Could you give me some suggestions? Thank you very much.

@zhangwenda0518
Copy link
Author

zhangwenda0518 commented Feb 24, 2024

The run log of miniasm

[M::main] ===> Step 1: reading read mappings <===
[M::ma_hit_read::0.0131.07] read 32554 hits; stored 7950 hits and 3 sequences (16454807 bp)
[M::main] ===> Step 2: 1-pass (crude) read selection <===
[M::ma_hit_sub::0.014
1.07] 3 query sequences remain after sub
[M::ma_hit_cut::0.0141.07] 7816 hits remain after cut
[M::ma_hit_flt::0.014
1.07] 3386 hits remain after filtering; crude coverage after filtering: 638.37
[M::main] ===> Step 3: 2-pass (fine) read selection <===
[M::ma_hit_sub::0.0141.06] 3 query sequences remain after sub
[M::ma_hit_cut::0.014
1.06] 3386 hits remain after cut
[M::ma_hit_contained::0.014*1.06] 1 sequences and 0 hits remain after containment removal
[M::main] ===> Step 4: graph cleaning <===
[M::ma_sg_gen] read 0 arcs

[M::main] ===> Step 4.1: transitive reduction <===
[M::asg_arc_del_trans] transitively reduced 0 arcs
[M::main] ===> Step 4.2: initial tip cutting and bubble popping <===
[M::asg_cut_tip] cut 1 tips
[M::asg_arc_del_multi] removed 0 multi-arcs
[M::asg_arc_del_asymm] removed 0 asymmetric arcs
[M::asg_pop_bubble] popped 0 bubbles and trimmed 0 tips
[M::main] ===> Step 4.3: cutting short overlaps (3 rounds in total) <===
[M::asg_arc_del_short] removed 0 short overlaps
[M::asg_arc_del_short] removed 0 short overlaps
[M::asg_arc_del_short] removed 0 short overlaps
[M::main] ===> Step 4.4: removing short internal sequences and bi-loops <===
[M::asg_cut_internal] cut 0 internal sequences
[M::asg_cut_biloop] cut 0 small bi-loops
[M::asg_cut_tip] cut 0 tips
[M::asg_pop_bubble] popped 0 bubbles and trimmed 0 tips
[M::main] ===> Step 4.5: aggressively cutting short overlaps <===
[M::asg_arc_del_short] removed 0 short overlaps
[M::main] ===> Step 5: generating unitigs <===
[M::main] Version: 0.3-r179
[M::main] CMD: miniasm -f no-gap.id_B01.fasta read.paf
[M::main] Real time: 0.034 sec; CPU: 0.035 sec

@zhangwenda0518
Copy link
Author

Another question is, what does the small base in the extracted sequence represent?
image

@Adamtaranto
Copy link
Owner

I guess you solved your minimap2 issue if you have generated output from teloclip-extract.

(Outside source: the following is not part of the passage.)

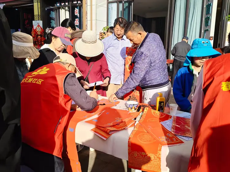 活动现场,一位旅居居民忍不住也提起笔,在红纸上工工整整写下一个“福”字,笔力遒劲亦别有一番风味。社区工作人员一边维持秩序,一边将墨迹未干的春联小心铺晾,红彤彤的纸页映着一张张笑脸,年味扑面而来。
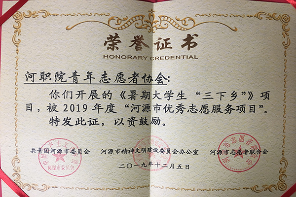 我校青年志愿者协会获2019年度“河源市优秀志愿服务项目”荣誉

Please try this example workflow.

Make sure you have a stable release version for teloclip installed. You will also need samtools and minimap2.

# Install from PyPi
pip install teloclip
# Check version is 0.0.4
teloclip --version
#teloclip 0.0.4

First, it is advisable to view all reads that that overhang the end of a contig (no filtering for telomeric motifs).
You can do this by visualising the output file primary_overhangs.bam from this command in an alignment viewer i.e. IGV or Geneious.

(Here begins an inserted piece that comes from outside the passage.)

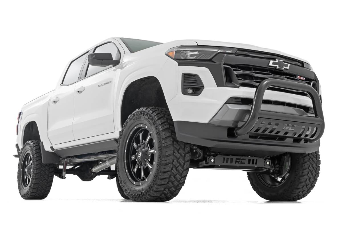 Superior Lift Solution. Looking to add some serious attitude to your third-generation Colorado? Rough Country's 6-Inch Lift Kit is just what you need. This lift kit gives your truck a meaner, lifted, and level stance while providing a smooth ride for unmatched highway and trail performance. It also adds room for larger wheels and tires, so you can make your truck stand out from the crowd. With excellent ride quality and handling characteristics on the road, this lift kit is the perfect way to take your GM to the next level. High-Quality Construction. Rough Country's 6-Inch Lift Kit for the 3rd gen Colorado makes it easy to gain that much-needed ground clearance and run up to a 35" tire for that aggressive look you want! Designed to provide excellent ride quality width and factory alignment specs, this kit boasts premium components, giving you a higher quality lift on your truck. The high-quality components and innovative design provide the strength, stability, and up-travel you need to conquer almost any terrain. Installation and Warranty. Our 6-Inch Lift Kit is his all-inclusive kit is a total transformation for your mid-size, with durable lifted knuckles, protective skid plate, and all the brackets and hardware needed to set your truck to a factory-like geometry while providing additional ground clearance. When you purchase a Rough Country product, you get more than a great product at an affordable price. You also get peace of mind knowing that your purchase comes with a limited lifetime replacement warranty for manufacturer defects. With Rough Country's industry-leading warranty, you can be sure that your Rough Country lift kit is protected from structural and workmanship damage after the date of purchase.
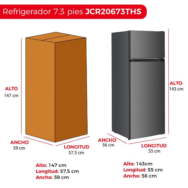 El Refrigerador Defrost JVC Mod. JCR20673THS es la solución ideal para quienes buscan funcionalidad y estilo en su cocina. Con una capacidad de 7.3 pies cúbicos (206 litros), este refrigerador ofrece un amplio espacio para almacenar todos tus alimentos y bebidas. Su diseño en color plateado se adapta perfectamente a cualquier decoración, brindando un toque moderno y elegante.

# Create index of reference fasta
samtools faidx ref.fa

# Map hifi reads with mm2; 
# exclude secondary alignments; 
# keep only alignments that overhang the end of a contig;
# sort alignments and save as bamfile.
minimap2 -ax map-hifi ref.fa hifi_reads.fq.gz | samtools view -h -F 0x100 | teloclip --ref ref.fa.fai | samtools sort > primary_overhangs.bam

Some contigs will have MANY more overhangs than others, these are likely to be mitochondrial or chloroplast genomes. Be careful to identify these contigs and exclude them from extension steps.

Next, you can filter the primary overhang alignments for reads that contain the motif 'AAACCCT' in the overhang section by running the previous output through teloclip again with the --motifs option on.

We can then pass these filtered alignments to teloclip-extract which will write the reads to separate fasta files for each reference contig end.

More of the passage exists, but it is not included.